Шрифт:
Интервал:
Закладка:
Только в тот миг Василиса не увидела ничего. Вернее, не поняла она в тот миг, что такое произошло непонятное и нелепое с ее хулиганистым работодателем. Он вдруг изо всех сил отлетел чудным каким-то рикошетом прямиком в гору вымытых ею до блеска тарелок, врылся в их мокрую сердцевину головой, и они посыпались на него дружно и весело, одна за одной, и так же весело начали разбиваться о кафельный пол моечной, обдавая фаянсовыми белыми брызгами и Сергунчика, и ее, и совершенно разъяренного Сашу, снова уже протянувшего было руку к несчастному Сергунчику. И не успела она броситься навстречу, чтобы повиснуть на этой его руке, как сама отлетела к стене и больно ударилась об нее затылком – двое дюжих охранников таким образом приступили к своим прямым обязанностям и принялись расчищать путь к пострадавшему хозяину. Он за это им зарплату платит в конце концов. Но Саша-таки успел еще раз дотянуться кулаком до второго Сергунчикова глаза…

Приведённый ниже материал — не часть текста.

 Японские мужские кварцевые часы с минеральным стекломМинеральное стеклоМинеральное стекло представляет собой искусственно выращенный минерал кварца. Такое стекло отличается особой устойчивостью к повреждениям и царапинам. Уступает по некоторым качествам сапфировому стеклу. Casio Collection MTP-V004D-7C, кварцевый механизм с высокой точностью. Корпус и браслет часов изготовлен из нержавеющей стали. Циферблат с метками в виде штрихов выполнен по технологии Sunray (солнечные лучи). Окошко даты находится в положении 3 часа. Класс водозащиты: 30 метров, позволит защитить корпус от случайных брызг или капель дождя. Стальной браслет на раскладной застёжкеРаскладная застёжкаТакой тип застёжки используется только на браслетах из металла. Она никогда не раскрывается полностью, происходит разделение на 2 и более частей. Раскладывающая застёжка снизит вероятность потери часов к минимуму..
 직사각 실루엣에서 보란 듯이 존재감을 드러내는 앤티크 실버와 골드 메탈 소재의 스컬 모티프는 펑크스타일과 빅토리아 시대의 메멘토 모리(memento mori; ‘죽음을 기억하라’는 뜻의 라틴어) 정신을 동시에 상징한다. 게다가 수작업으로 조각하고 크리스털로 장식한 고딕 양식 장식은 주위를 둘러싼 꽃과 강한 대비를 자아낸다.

Руди был зол. Руди был не просто зол, он был гневен катастрофически. Она его никогда, никогда таким не видела… Жирненькие, поросшие седым волосом и свисающие, как у хомячка, щечки его тряслись, редкие, обычно аккуратно припомаженные волосы стояли над головой легким наэлектризованным ежиком. Он что-то говорил и говорил ей гневливо и торопливо, путая немецкие слова с редкими русскими, и потрясал над головой каким-то письмом – Алла ничего не слышала. Вернее, слышала, конечно, только не доходило до нее смысла этих слов. О какой-то фрау Марине он толкует, и бьет ладонью прямо по этому письму… Какая такая фрау Марина, господи… Не знает она никакой такой фрау Марины… Она сидела, вся обмякнув, на низком круглом пуфике, свесив рыжие волосы на лицо, и дрожала от ужаса. Не Руди она боялась скорее, а самой вот этой ситуации. Именно так она ее и рисовала в воображении, именно так эта ситуация к ней и приходила в ночных кошмарах…

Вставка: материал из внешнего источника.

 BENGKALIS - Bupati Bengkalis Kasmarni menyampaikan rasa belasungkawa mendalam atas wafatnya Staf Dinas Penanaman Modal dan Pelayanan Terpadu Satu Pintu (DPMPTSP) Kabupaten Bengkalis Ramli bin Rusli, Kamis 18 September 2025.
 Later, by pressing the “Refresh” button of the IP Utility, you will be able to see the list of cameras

А потом ей вдруг стало как-то все равно. Пусть Руди кричит, пусть гневается. Наверное, организм просто устал и решил таким образом отключиться от происходящего. Ну, открылась наконец ее тайна, ну и что… И в следующий момент накатило волной уже и не равнодушие, а некоторое даже облегчение. Так бывает, когда ждешь плохого, долго его боишься и долго к нему готовишься, а когда оно наконец наступает, плохое это, вздыхаешь вдруг весело – вроде как и слава богу, и хорошо… Хотя чего уж тут хорошего, если честно…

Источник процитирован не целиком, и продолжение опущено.